◆ **Exercise requirements**
Your job with the data below: print everything from the line that holds "今週は、お楽しみ係が9月生ま" down to the line that holds "Un’insalata elegante e", ends included, exactly, and nothing else.

◆ **Record excerpts**
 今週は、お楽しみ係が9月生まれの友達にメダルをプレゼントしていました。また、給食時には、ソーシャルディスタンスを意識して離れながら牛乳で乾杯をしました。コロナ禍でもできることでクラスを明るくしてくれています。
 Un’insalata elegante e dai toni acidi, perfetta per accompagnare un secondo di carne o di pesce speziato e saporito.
---
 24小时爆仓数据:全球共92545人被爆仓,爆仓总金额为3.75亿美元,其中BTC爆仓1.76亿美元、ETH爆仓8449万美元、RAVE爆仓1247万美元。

◆ **Solution**
 今週は、お楽しみ係が9月生まれの友達にメダルをプレゼントしていました。また、給食時には、ソーシャルディスタンスを意識して離れながら牛乳で乾杯をしました。コロナ禍でもできることでクラスを明るくしてくれています。
 Un’insalata elegante e dai toni acidi, perfetta per accompagnare un secondo di carne o di pesce speziato e saporito.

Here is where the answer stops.